Maggie turned to look at her youngest sister. Jillian Bennett Malcolm was only twenty-five and looked years younger, with her large aquamarine eyes, her pale, pretty face, her gentle manner. She was the daughter of the husband Sybil had always referred to as the great love of her life, probably because he’d died in a plane crash before she could tire of him, Maggie thought cynically. Surely a middle-aged British doctor and a flamboyant, much-married Hollywood actress couldn’t have much in common during the long haul. But Sybil had mourned for two years, her only stretch of celibacy as far as Maggie could remember, and Jilly had received more of Sybil’s sporadic maternal devotion than her other three daughters combined. Which still wasn’t much.
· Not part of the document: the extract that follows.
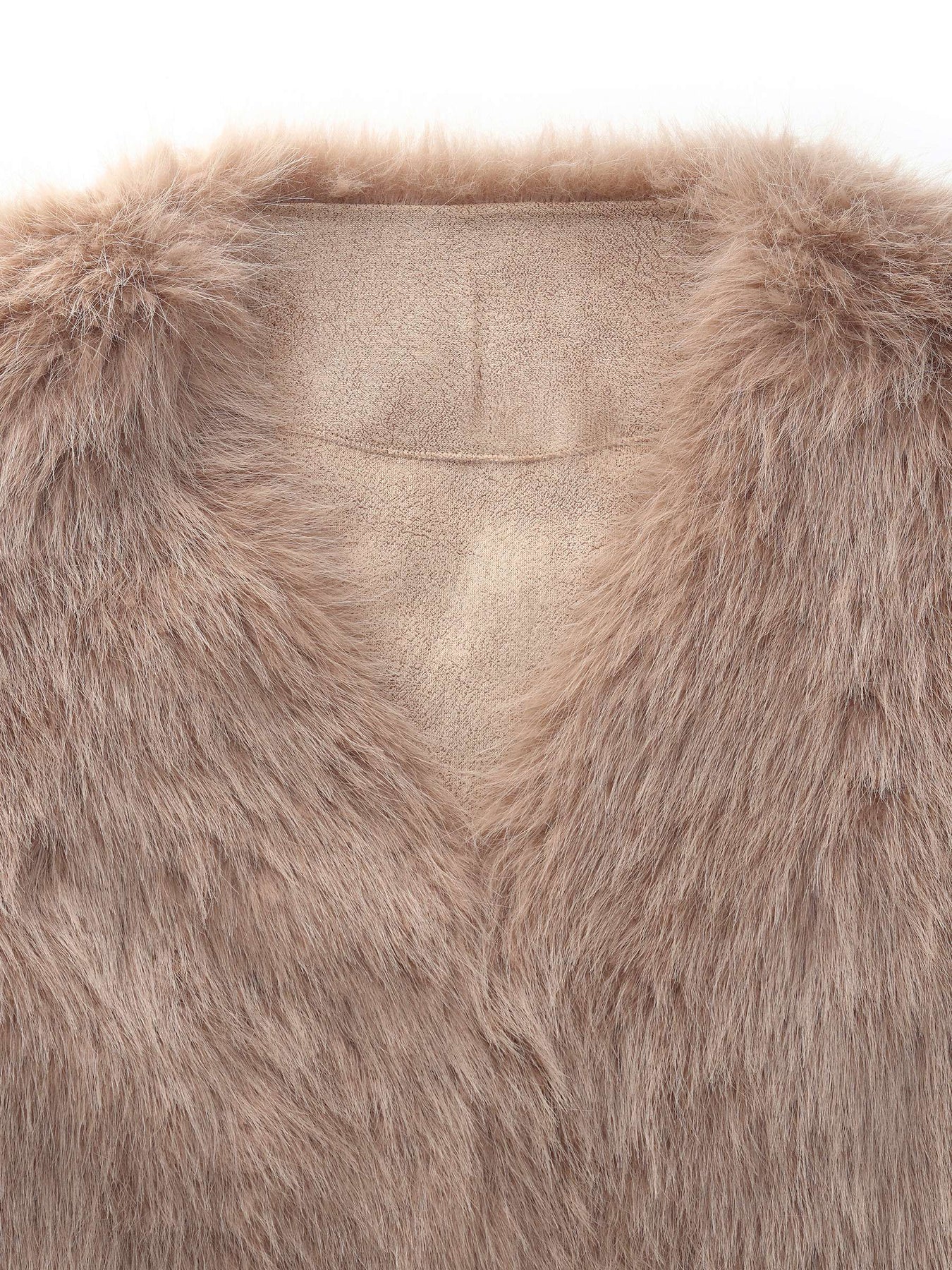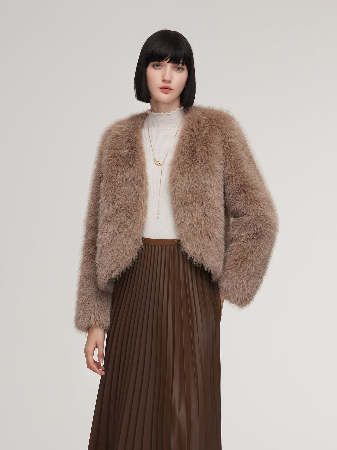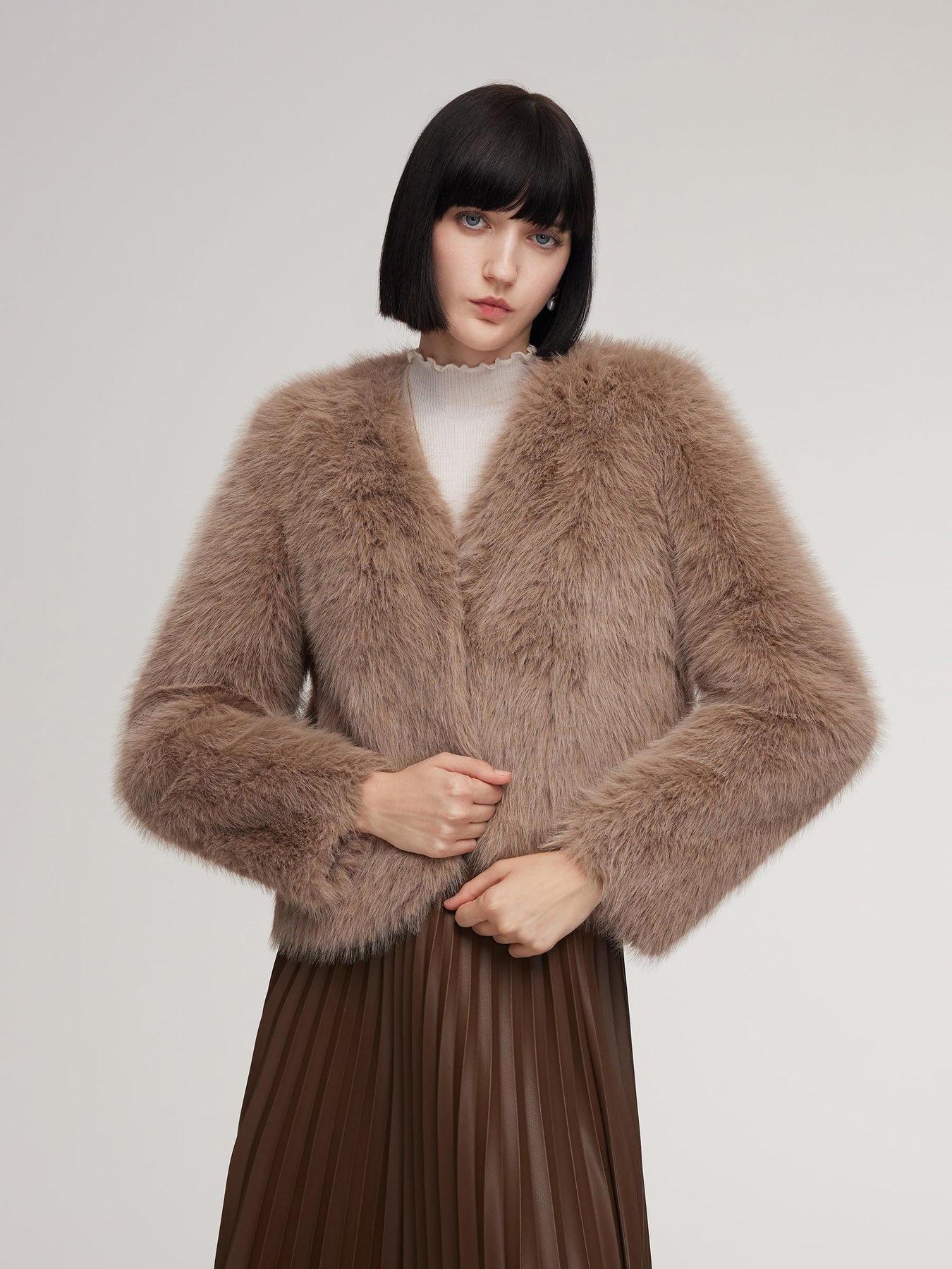 This coat features a plush, textured surface that creates a naturally full silhouette while maintaining a smooth, refined shape. The V-neck opens the profile for a balanced, waist-accentuating look, complemented by the cropped length that adds gentle structure. Side pockets blend neatly into the design, offering function without interrupting the coat’s streamlined appearance. Ideal for cool-weather styling, it delivers a composed mix of softness, shape, and everyday versatility.

If Maggie was the strong one, Kate the practical one, and Holly the pretty one, then Jilly was the sweet one. She lacked her sisters’ sharp tongues, she lacked Kate’s drive and Maggie’s fierce independence. And she lacked Holly’s self-absorption. She’d followed in her father’s medical footsteps, training and working as a nurse-midwife in an impoverished
section of the Northwest, devoting her life to the needy. Her three sisters looked at her with mingled guilt and affection.

“You don’t think she’ll make it?” Kate said finally, breaking the silence.